When you think about delicious Parisian treats, what comes to mind? Croissants, pains au chocolat, macarons, éclairs, crêpes, meringues… Nothing beats enjoying a hot crêpe out and about in the streets of Paris, but they and meringues are very simple to make at home, even with your children.
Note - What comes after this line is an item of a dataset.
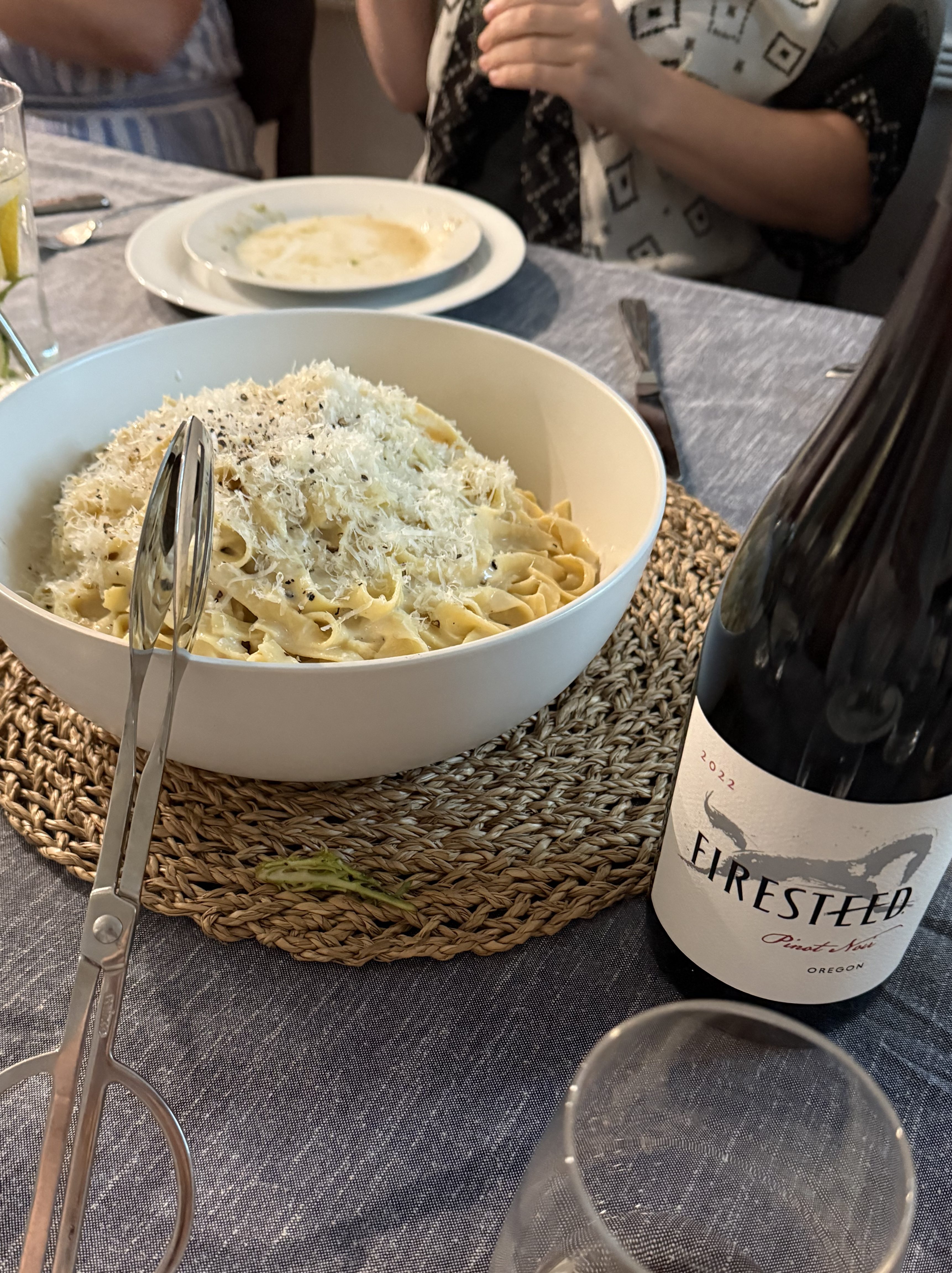 For me, I went with a peppery Pinot Noir. You want to be careful you don’t have a red wine that’s too heavy or it might overpower the cream sauce. So a light, fruity, and peppery Oregon Pinot Noir was perfect in my opinion.

These recipes are our tried-and-true family favorites, simplified as much as possible with all the tips we have gathered from making them often.

MERINGUES

This easy recipe makes one large Meringue / Pavlova or about 8 individual meringues, depending on the size of your dollops.

Ingredients:

  • 1 cup of egg whites (7-8 eggs)
  • 2 cups of sugar
  • 1 tablespoon cornstarch / maizena
  • 1 teaspoon vinegar
  • 2 teaspoons vanilla
  • Pinch of salt

Tips & Gear:

  • Separate the egg whites when the eggs are cold (just out of the fridge) – it makes doing so much easier. If possible, then leave the bowl of egg whites out of the fridge until room temperature, as this is said to make meringues stiffer and will give them more height.
  • Just one large bowl
  • Hand mixer or stand mixer
  • Spatula
  • Oven pan lined with parchment paper (grease lightly)
  • Preheat oven to 200°C (400°C)

Let’s Go:

  1. Beat egg whites and pinch of salt until frothy.
  2. Gradually add sugar and vanilla and beat until stiff. Add vinegar and continue beating for several minutes. Check that your mixture has “stiff, high peaks” when you lift the mixer out.
  3. With spatula, fold in cornstarch while sifting it in gradually.
  4. Pile thick mixture onto an ovenware platter in one round shape or create mini meringue dollops by using two spoons.
  5. The oven should be preheated to 200°C (400°C) per the tips above. Now, turn oven down to 125°C (250°F) and place the meringue in the oven.
  6. Bake for 20 minutes, then turn oven off and leave for another 20 minutes.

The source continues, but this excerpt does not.